Core Skills Leveraged
-
Even though I was representing the brand lead, my client, I obviously had no formal power over Legal, Privacy, or Compliance. I needed their approval to move forward and their collaboration to shape company policy. I built influence through persistence, preparation, and respect for their constraints. I asked questions to dig deeper to understand their concerns, and made it clear I was also invested in achieving their goals. I earned their trust by demonstrating that I understood the regulatory landscape they operated in and that I wasn't asking them to compromise compliance, only to reimagine how it could evolve given the new business operations already underway. Over time, they stopped viewing me as a stakeholder making requests and started treating me as a thought partner helping them navigate unfamiliar territory. This shift unlocked the influence for me to shape not just my project's approval, but the policies that would govern all future patient data initiatives.
-
Working on building an analytics dashboard to replace manual reporting with a one-month lag revealed the opportunity to also help the organization build a capability it didn’t have. The company had invested in collecting patient data but had no infrastructure for using it responsibly. Legal and Privacy defaulted to prohibition because they lacked the mental models, processes, and precedents to evaluate risk in this new domain. I recognized that my role wasn't just to navigate their uncertainty for my project; it was to help them build the frameworks that would enable the organization to innovate confidently going forward. I approached this as a change management challenge: I needed to move stakeholders from "we can't do this" to "here's how we do this safely." I did this by breaking down the overwhelming ambiguity into manageable decisions—one visualization, one data field, one calculation at a time. Each conversation became a building block for the larger framework. My dashboard project became the pilot that future processes were scaffolded upon, giving Data Governance the confidence to formalize a repeatable data request process. By spurring the creation of infrastructure that would allow future teams to derive insights from patient data, I helped the organization turn the chapter in their fundamental approach to understanding their customers.
-
Success in this project depended entirely on my ability to build trust and communicate across functions that spoke different languages and operated with different priorities.
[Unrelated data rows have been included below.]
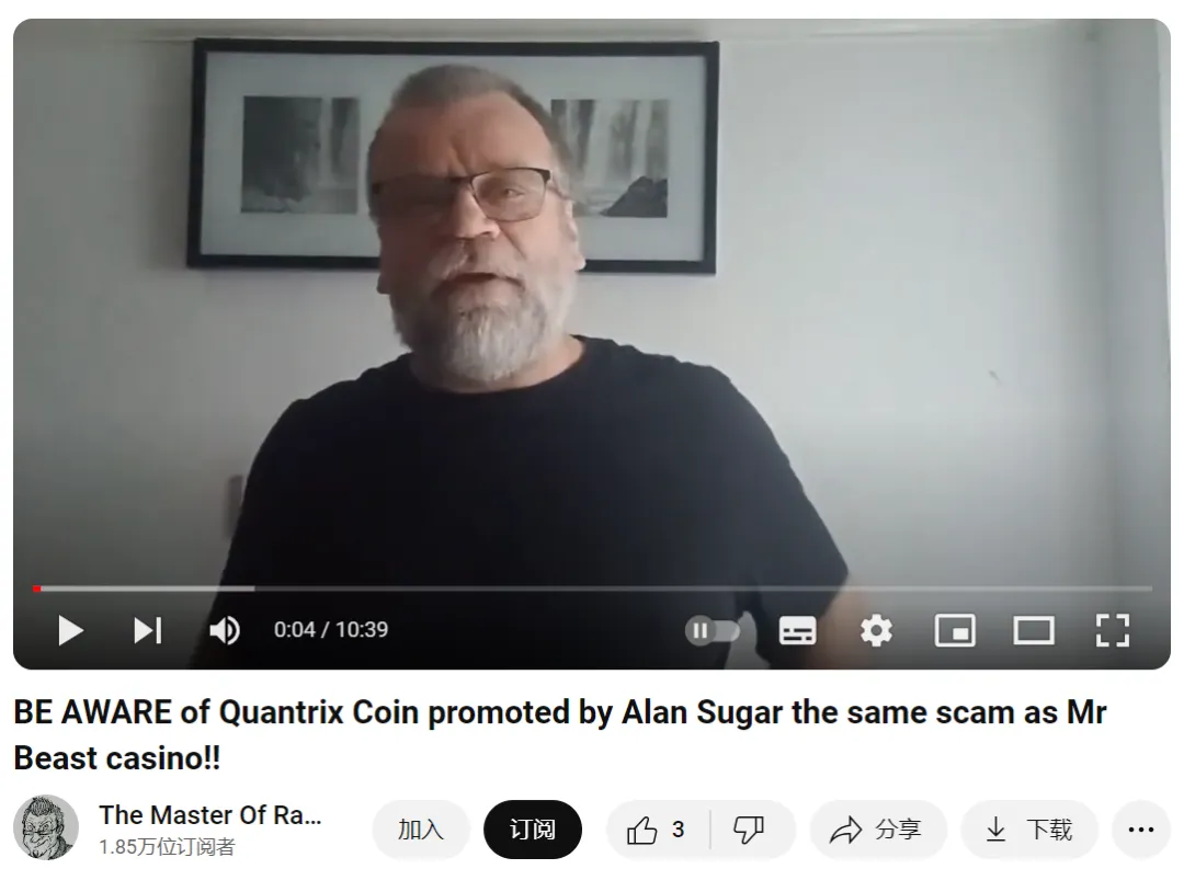 YouTube上有人发视频分享个人经历,让大家避雷Quantrix Coin平台。
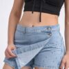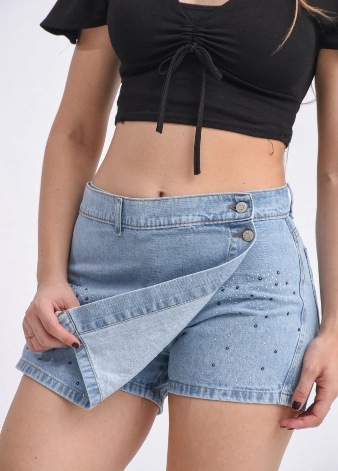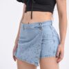 033BR I SHORT POLLERA DE JEAN CON SOLAPA FRONTAL Y STRASS TIRO ALTO TALLES 36 AL 46 EXITO JEANS
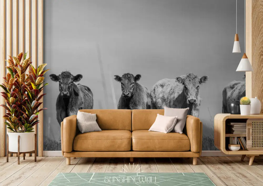 Draw inspiration from the ruggedness and gentleness of nature with this wallpaper featuring Highland cows in a peaceful landscape. Its intricate details and natural tones bring warmth and character to your walls, evoking an elegant and welcoming rural atmosphere.
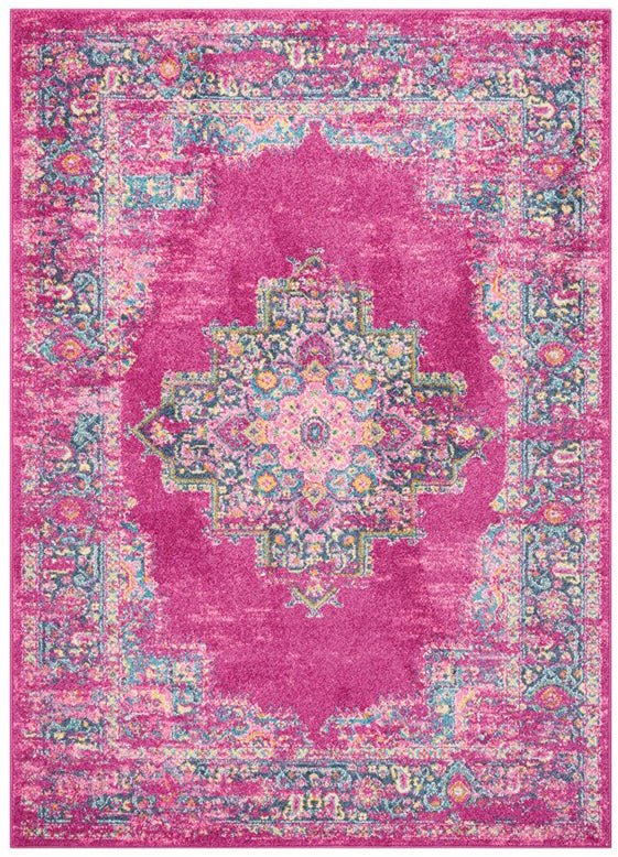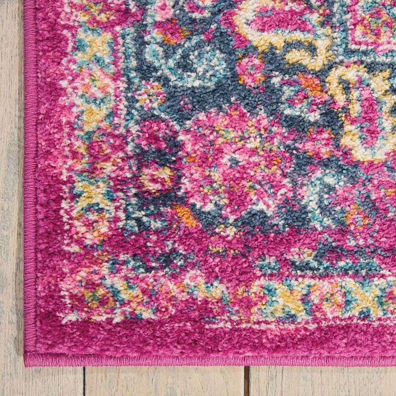 The Nourison Passion PSN03 Fuchsia Rug is a vibrant showpiece, featuring a rich fuchsia background and a detailed central medallion in shades of blue, yellow, and teal.
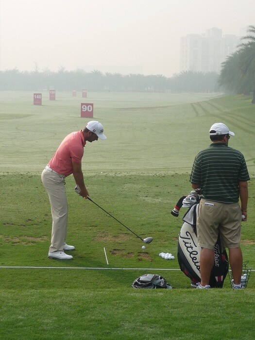 European Tour Rookie of the Year and Titleist ambassador Ricardo Santos hits the range in the early morning mist
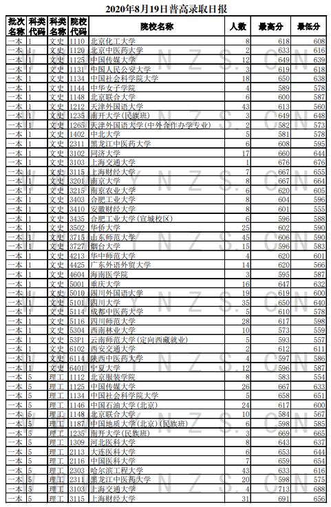 2020云南高考一本录取最低分
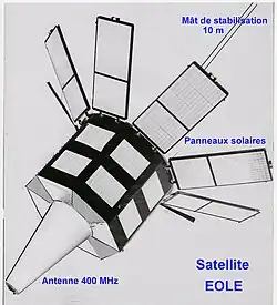 Le satellite EOLE d'une masse de 83 kg circule sur une orbite basse de 903 x 878 km avec une inclinaison de 50°. Son antenne est orientée vers la Terre par une stabilisation par gradient de gravité. L'équipement original est le dispositif de localisation des balises. Il est basé sur la variation de fréquence Doppler d'un signal d'oscillateur ultra-stable qui est émis par le satellite et renvoyé par la balise en cohérence de phase. Cette méthode Interrogation-Réponse permet d'envoyer des ordres à la balise. Avec six ou sept points de mesures successifs, quand le satellite passe en visibilité de la balise, la localisation est obtenue à quelques centaines de mètres près.
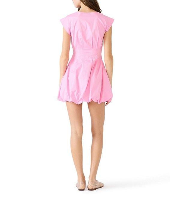 Steve Madden Gale V-Neck Cap Sleeve Bubble Hem Poplin Mini Dress
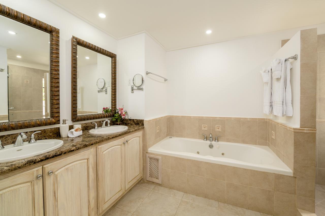Rose of Sharon is an elegant 6 bedroom villa located in Sandy Lane Estate in pristine condition . There are 4 double air-conditioned bedrooms in the main house on the first floor, with two Master bedrooms each having its own ensuite bathroom and the other 2 bedrooms also with ensuite bathrooms. The additional 2 bedrooms are located in a recently built guest cottage across from the pool, with their own living and dining areas and fully equipped kitchen.

I invested heavily in relationship building. I attended meetings not just to present the business case, but more so to understand each stakeholder's perspective, constraints, and concerns. I asked questions, listened actively, and validated their positions before proposing solutions. This built the credibility I needed to challenge assumptions and push for middle ground. My communication approach was deliberately multilingual: I translated business requirements into privacy impact language, reframed legal constraints as design parameters, and explained how technical or regulatory limitations would change the business requirements. For example, instead of saying "we need zip codes for segmentation," I explained how understanding geographic uptake would play a part in tailoring patient support, and then worked with Privacy to identify what level of geographic detail would satisfy both regulatory and business needs. I also communicated transparently about what I didn't know and where I needed their expertise, which reinforced that I respected their authority and wasn't trying to steamroll decisions. By consistently showing up prepared, being respectful of their time and constraints, and demonstrating that I valued their input, I transformed skeptical gatekeepers into engaged collaborators. These relationships became the foundation for productive problem-solving. Once trust was established, we could have honest conversations about trade-offs and co-create solutions that none of us would have reached alone.